アベノミクス5年、円安で株価上昇も給与や政府債務に課題

この記事は、ブルームバーグ ニュースのジェームズ・メーガとイザベル・レイノルズが執筆し、ブルームバーグ端末に最初に掲載されました。

第2次安倍晋三政権の5年間、政府と日本銀行は日本経済を長年、苦しめてきたデフレと戦ってきた。大胆な金融緩和は円安をもたらし、輸出業者が好調な世界経済の流れに乗ったことで、企業収益は拡大し株価は上昇した。

ただアベノミクスには課題も残る。人口減少が進む中、消費は勢いを欠き、企業は給与を上げるのをためらっている。多額の政府債務も影を投げかける。

経済成長

経済成長は緩やかで、安倍首相が掲げた国内総生産(GDP) 600兆円には遠いが、2012年の政権発足時からは56兆円増えた。増加分は、ベルギーのGDPより多い。

G7では下位

しかし、他の国と比較すれば出遅れているのは明らかだ。日本のGDPは7四半期連続のプラス成長を続けているが、他のG7の国はもっと成長しており、世界経済の状況を考慮すれば日本の成長はそれほど大きくはない。構造改革は遅れており、成長の多くは外需に依存している。輸出が伸びたにも関わらず、消費が増えないという構図が繰り返されている。

債務

国際通貨基金(IMF)によると、安倍政権下の日本の債務はGDPの240%で推移している。増加していないことは評価されるべきだが、負担はまだ他国より重い。人口が減少する中、1人当たりの債務は増え続けることになる。

労働市場

5年間の成果の一つは働いている人の増加だ。就業者は272万人増加する一方、失業者は107万人減少した。増加の大部分は仕事に復帰した女性によるもので、保育園の充実も後押しした。

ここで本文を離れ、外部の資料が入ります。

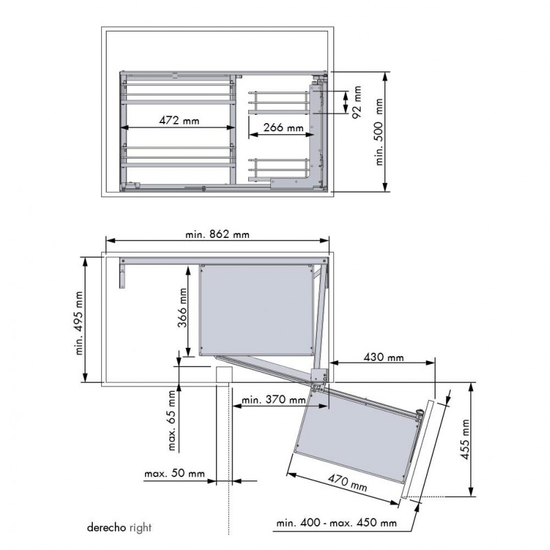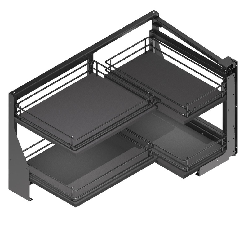 Módulo kit extraíble articulado de la gama Compact en acero color antracita, diseñado para muebles rinconeros de cocina. Incorpora doble cuerpo y doble altura de bandejas que optimizan la capacidad de almacenaje y el aprovechamiento del espacio interior.
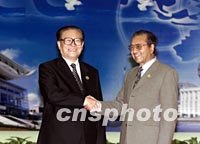 圖:江澤民迎接馬來西亞總理 2001年10月21日 11:36 ![]() 10月20日,中國(guó)國(guó)家主席江澤民在上海國(guó)際會(huì)議中心迎接馬來西亞總理馬哈蒂爾。中新社圖 |

安倍首相が当初、目指していた20年までに管理職の30%を女性にするという目標は挫折した。女性の国会議員の割合も10.1%まで微減しており、安倍内閣の20人の閣僚中、女性は2人にとどまる。

賃金の難題

賃金は少しずつ上昇しているが、アベノミクスの足かせとなっている。他の国と同様、労働需給が逼迫(ひっぱく)しているにも関わらず、賃金上昇に結びついていない。

ブルームバーグのエコノミスト調査によれば、18年の現金給与総額(ボーナス、残業を含む)は前年比1%程度の上昇にとどまると予想されている。家計が消費を増やし、企業が自信をもって価格を上げるには不十分な水準だ。

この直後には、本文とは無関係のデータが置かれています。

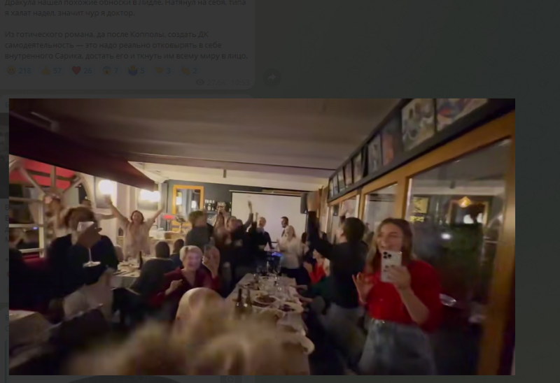 Юбилярша и гости громко горланили "Седую ночь", хотя в Прибалтике вообще-то русские песни запрещают. Но беглые релоканты, как всегда, старательно не замечают русофобии и делают вид, что их это никогда не коснётся.
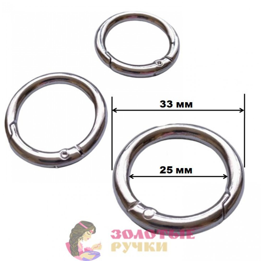 Кольцо-карабин. Внешний диаметр: 33(25) мм. Цвет: серебро. Количество в упаковке: 10 шт.

今のところ、物価が持続的に下落するデフレ状態ではないが、日銀が目指す物価上昇2%目標には届いていない。

生産性と改革

ブルームバーグ・エコノミクスの増島雄樹エコノミストは、アベノミクスは労働生産性の向上に失敗していると指摘する。製造業は改善したものの、雇用の70%を占めるサービス分野では3年から16年までに10%超低下した。

生産性の停滞は世界的減少だが、アベノミクスの第三の矢の構造改革では、生産性改革を課題に挙げていた。増島氏のスコアカードでは、コーポレートガバナンス(企業統治)やインバウンド(訪日外国人客)を成果に挙げ、農業やイノベーション(革新)は出遅れたままだ。

貿易

トランプ大統領が決めた米の環太平洋連携協定(TPP)離脱は日本には痛手だったが、安倍首相は残りの11カ国での協定を目指している。安倍首相は豪と経済連携協定(EPA)を締結しており、世界経済の3割を占める欧州連合(EU)との交渉も今月、妥結した。日本経済の活性化につながる大量の移民には扉を閉ざしたままだが、安倍政権下では外国人労働者は100万超まで急増した。

安倍首相が9月の自民党総裁選で3選を果たせば、歴代最長となる21年まで首相を務めることになる。ブルームバーグ・エコノミクスの増島氏は「日本経済を再生するまたとない機会だ」と英語で述べた。「最終的に、安倍首相は経済の成長性を高めたかどうかで評価されることになるだろう。経済が成長すれば、債務と高齢化への対処に大いに役立つことになる」としている。